:: Provided records

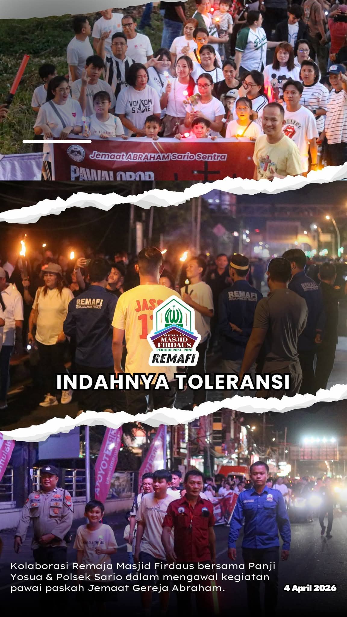 Manado, sudara.id – Semangat toleransi antarumat beragama kembali ditunjukkan di Manado. Remaja Masjid Firdaus Boulevard bersama Panji Yosua turut ambil bagian dalam pengamanan Pawai Paskah Jemaat Gereja Abraham Sario, Sabtu (4/4/2026).
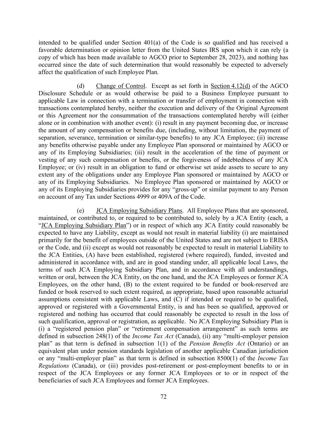 72 intended to be qualified under Section 401(a) of the Code is so qualified and has received a favorable determination or opinion letter from the United States IRS upon which it can rely (a copy of which has been made available to AGCO prior to September 28, 2023), and nothing has occurred since the date of such determination that would reasonably be expected to adversely affect the qualification of such Employee Plan. (d) Change of Control. Except as set forth in Section 4.12(d) of the AGCO Disclosure Schedule or as would otherwise be paid to a Business Employee pursuant to applicable Law in connection with a termination or transfer of employment in connection with transactions contemplated hereby, neither the execution and delivery of the Original Agreement or this Agreement nor the consummation of the transactions contemplated hereby will (either alone or in combination with another event): (i) result in any payment becoming due, or increase the amount of any compensation or benefits due, (including, without limitation, the payment of separation, severance, termination or similar-type benefits) to any JCA Employee; (ii) increase any benefits otherwise payable under any Employee Plan sponsored or maintained by AGCO or any of its Employing Subsidiaries; (iii) result in the acceleration of the time of payment or vesting of any such compensation or benefits, or the forgiveness of indebtedness of any JCA Employee; or (iv) result in an obligation to fund or otherwise set aside assets to secure to any extent any of the obligations under any Employee Plan sponsored or maintained by AGCO or any of its Employing Subsidiaries. No Employee Plan sponsored or maintained by AGCO or any of its Employing Subsidiaries provides for any “gross-up” or similar payment to any Person on account of any Tax under Sections 4999 or 409A of the Code. (e) JCA Employing Subsidiary Plans. All Employee Plans that are sponsored, maintained, or contributed to, or required to be contributed to, solely by a JCA Entity (each, a “JCA Employing Subsidiary Plan”) or in respect of which any JCA Entity could reasonably be expected to have any Liability, except as would not result in material liability (i) are maintained primarily for the benefit of employees outside of the United States and are not subject to ERISA or the Code, and (ii) except as would not reasonably be expected to result in material Liability to the JCA Entities, (A) have been established, registered (where required), funded, invested and administered in accordance with, and are in good standing under, all applicable local Laws, the terms of such JCA Employing Subsidiary Plan, and in accordance with all understandings, written or oral, between the JCA Entity, on the one hand, and the JCA Employees or former JCA Employees, on the other hand, (B) to the extent required to be funded or book-reserved are funded or book reserved to such extent required, as appropriate, based upon reasonable actuarial assumptions consistent with applicable Laws, and (C) if intended or required to be qualified, approved or registered with a Governmental Entity, is and has been so qualified, approved or registered and nothing has occurred that could reasonably be expected to result in the loss of such qualification, approval or registration, as applicable. No JCA Employing Subsidiary Plan is (i) a “registered pension plan” or “retirement compensation arrangement” as such terms are defined in subsection 248(1) of the Income Tax Act (Canada), (ii) any “multi-employer pension plan” as that term is defined in subsection 1(1) of the Pension Benefits Act (Ontario) or an equivalent plan under pension standards legislation of another applicable Canadian jurisdiction or any “multi-employer plan” as that term is defined in subsection 8500(1) of the Income Tax Regulations (Canada), or (iii) provides post-retirement or post-employment benefits to or in respect of the JCA Employees or any former JCA Employees or to or in respect of the beneficiaries of such JCA Employees and former JCA Employees.
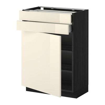 МЕТОД / МАКСИМЕРА Напольный шкаф с дверцей/2 ящиками - 60x37 см, Рингульт глянцевый кремовый, под дерево черный
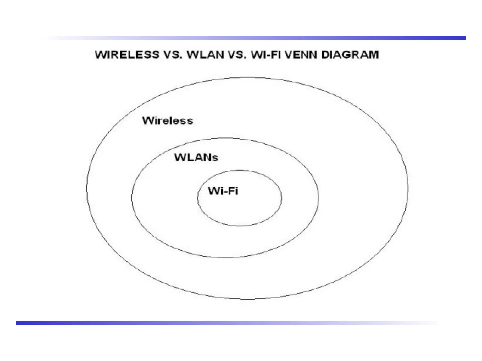 • Wi-Fi - type of WLANs that use specifications in
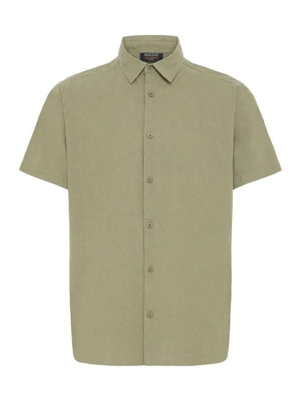 Design: Knop placket; Type sluiting: Knoopsluiting; Materiaal: Katoen, Linnen; Motief: Effen; Kraag: Kentkraag; Extra's: Lichte stof; Pasvorm: Regular fit; Armlengte: Kwartmouw
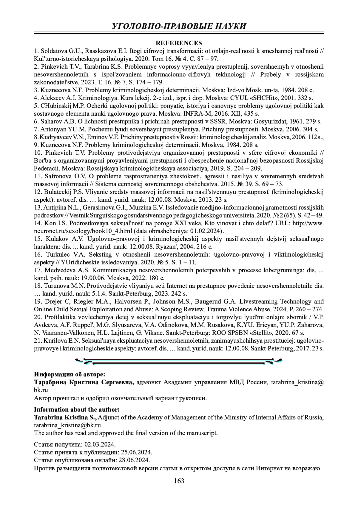 2. Пинкевич Т.В., Тарабрина К.С. Проблемные вопросы выявления преступлений, совершаемых в отношении несовершеннолетних с использованием информационно-цифровых технологий // Пробелы в российском законодательстве. 2023. Т. 16. № 7. С. 174 - 179. EDN: RYMZIH
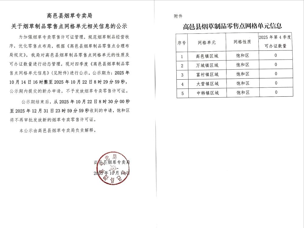 高邑县烟草专卖局关于烟草制品零售点网格单元相关信息的公示
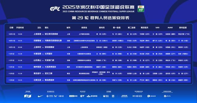 中超29轮裁判:傅明执法海港vs浙江,沙特籍裁判担任海牛vs三镇主裁
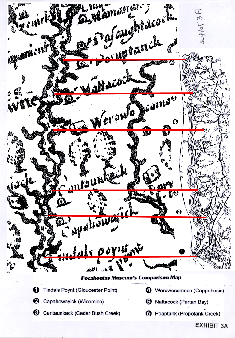 The Research Group’s comparison map is not to the same scale. Their comparison is an alteration of a comparison of Smith’s map and a modern map in the Pocahontas Museum in Gloucester, Virginia. Dr. Randolph Turner (a member of the Virginia Department of Historic Resources and the Werowocomoco Research Group) saw it in 2000, when he visited the museum to identify Indian artifacts that were brought in by citizens. In the museum’s comparison, Poropotank Creek and Gloucester Point are lined up on Smith’s map with a modern map. (
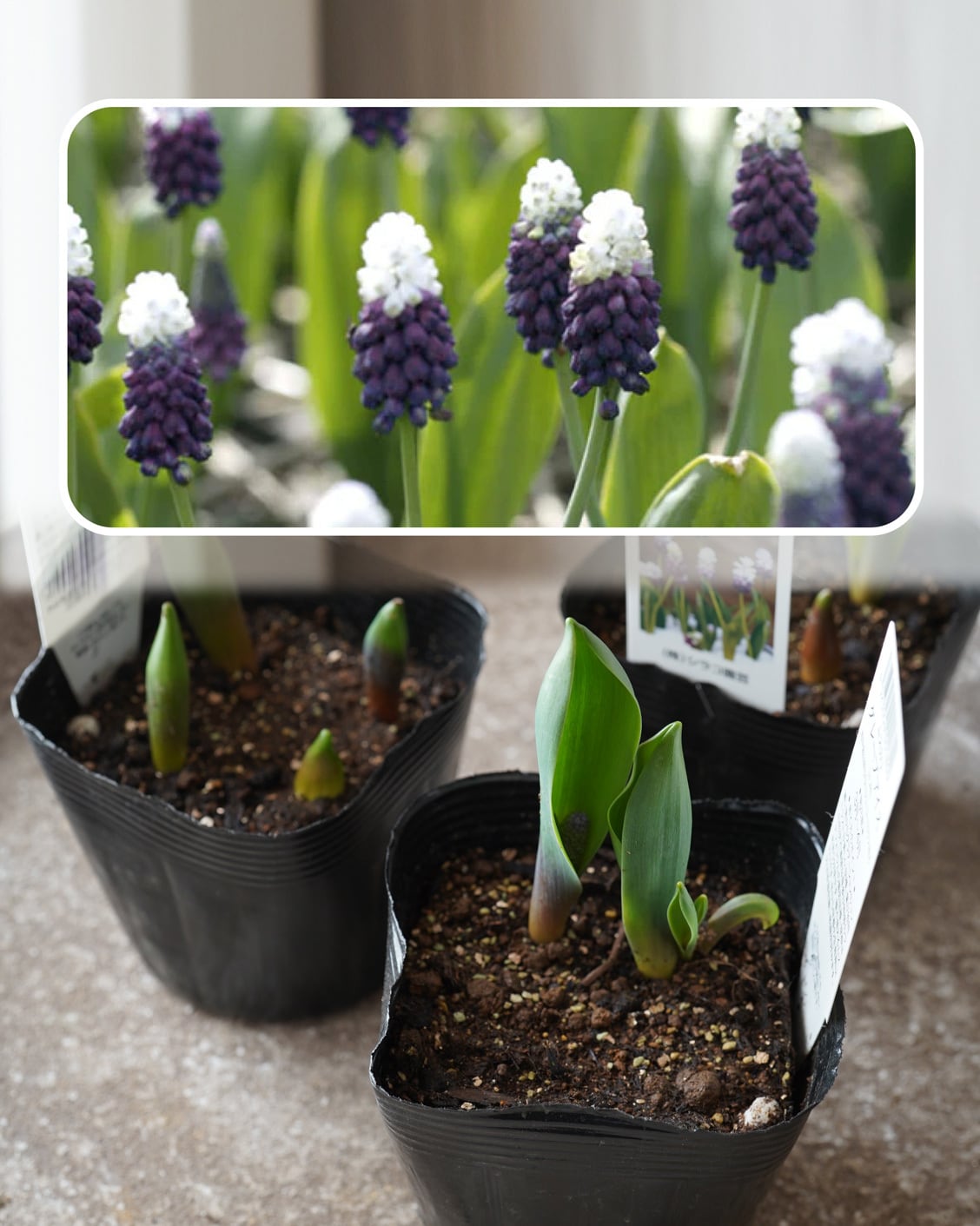 (球根)ムスカリ グレープアイス(紫×白) の4本植えです。

::::

Problem statement:
Once the line with "中超29轮裁判:傅明执法海港vs浙江,沙特籍裁判担任海牛vs三镇主裁" is found, write out that line and every later line of the listing above exactly, through the last one, and skip any pictures.

Exercise answer:
 中超29轮裁判:傅明执法海港vs浙江,沙特籍裁判担任海牛vs三镇主裁
 The Research Group’s comparison map is not to the same scale. Their comparison is an alteration of a comparison of Smith’s map and a modern map in the Pocahontas Museum in Gloucester, Virginia. Dr. Randolph Turner (a member of the Virginia Department of Historic Resources and the Werowocomoco Research Group) saw it in 2000, when he visited the museum to identify Indian artifacts that were brought in by citizens. In the museum’s comparison, Poropotank Creek and Gloucester Point are lined up on Smith’s map with a modern map. (
 (球根)ムスカリ グレープアイス(紫×白) の4本植えです。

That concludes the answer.